* _ACTIVITY_:
The data below contains pictures, which are to be skipped; the lines starting at the line with "Drain Cleaning Hose" and ending at the line with "Bed bug eggs and fecal spotting." are to be output exactly, both ends included.
** ENTRIES PROVIDED follows **
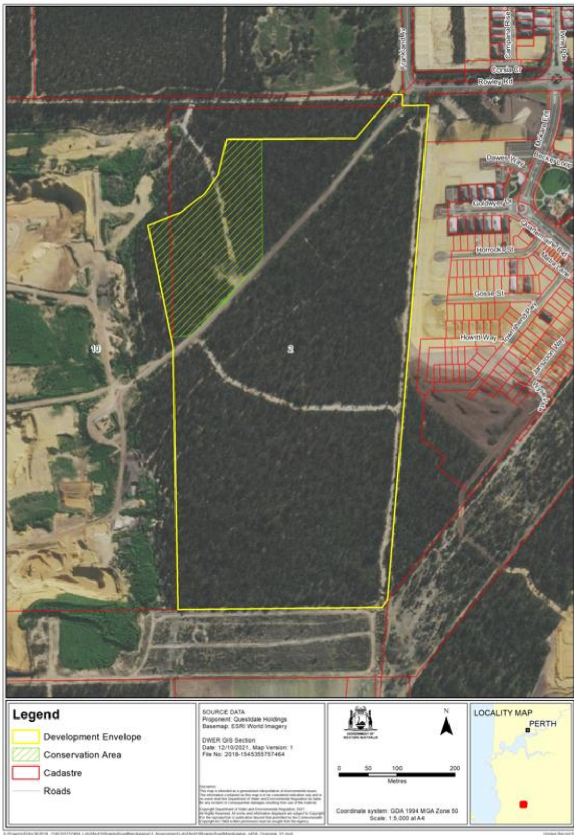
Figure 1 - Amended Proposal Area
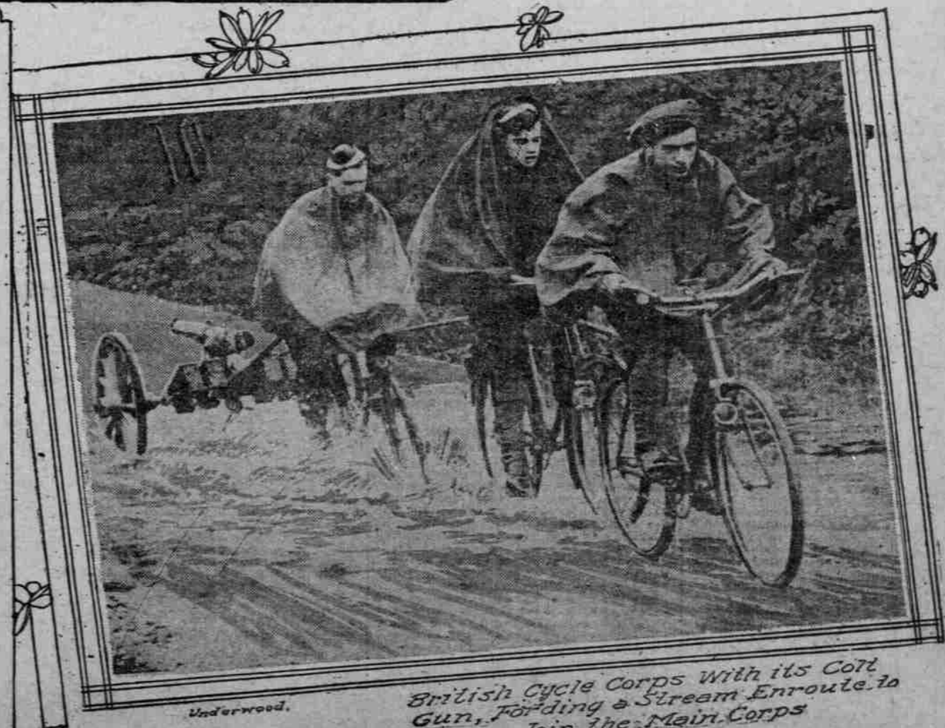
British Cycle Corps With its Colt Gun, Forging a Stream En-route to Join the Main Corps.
** End of ENTRIES PROVIDED **
** ENTRIES PROVIDED follows **
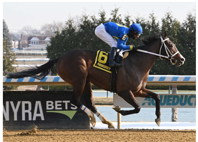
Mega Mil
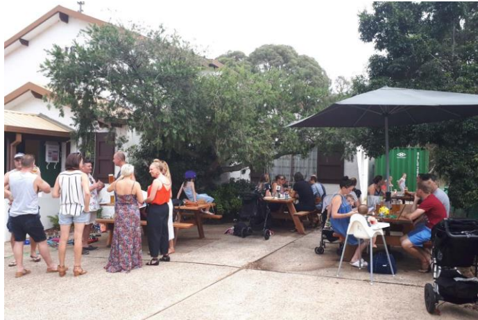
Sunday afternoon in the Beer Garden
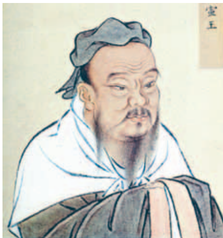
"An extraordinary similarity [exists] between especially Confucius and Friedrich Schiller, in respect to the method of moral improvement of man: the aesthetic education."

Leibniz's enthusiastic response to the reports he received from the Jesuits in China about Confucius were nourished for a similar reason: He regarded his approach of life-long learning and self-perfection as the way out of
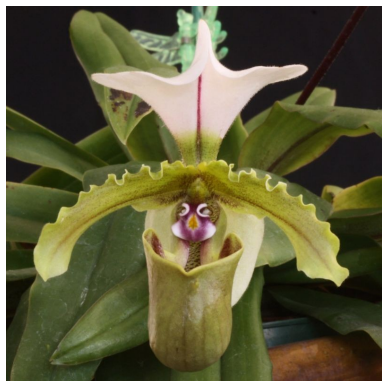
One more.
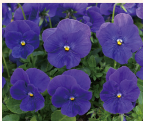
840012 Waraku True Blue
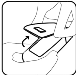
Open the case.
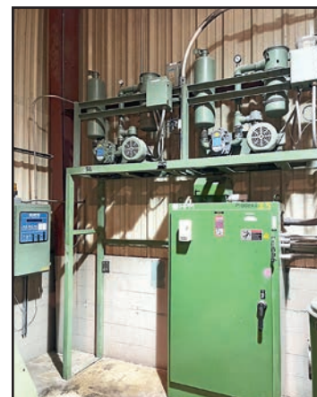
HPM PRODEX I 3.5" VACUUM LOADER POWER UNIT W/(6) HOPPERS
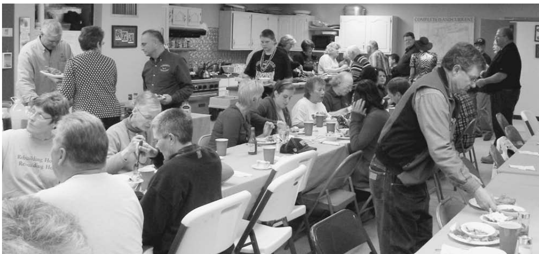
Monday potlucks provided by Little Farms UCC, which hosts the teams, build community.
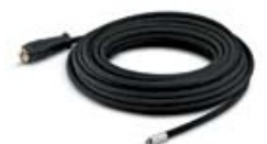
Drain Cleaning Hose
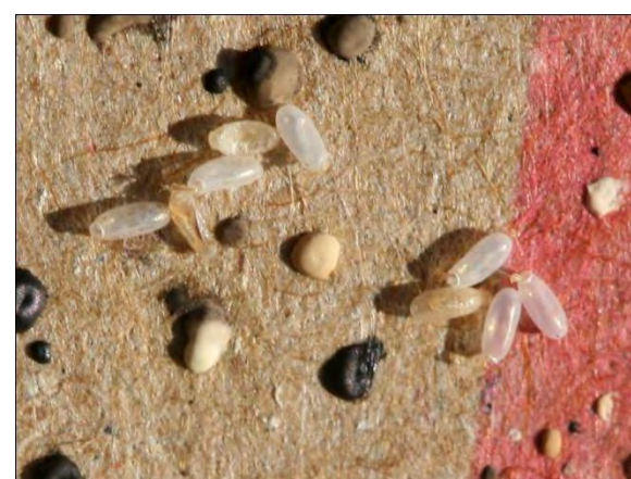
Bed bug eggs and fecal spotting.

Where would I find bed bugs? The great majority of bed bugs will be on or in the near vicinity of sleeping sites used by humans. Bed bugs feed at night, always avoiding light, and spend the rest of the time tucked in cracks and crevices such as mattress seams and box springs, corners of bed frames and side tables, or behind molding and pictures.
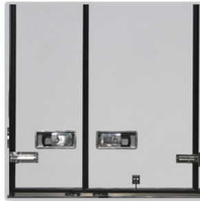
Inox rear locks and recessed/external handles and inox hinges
** End of ENTRIES PROVIDED **
* _EXPECTED ANSWER_:
Drain Cleaning Hose
Bed bug eggs and fecal spotting.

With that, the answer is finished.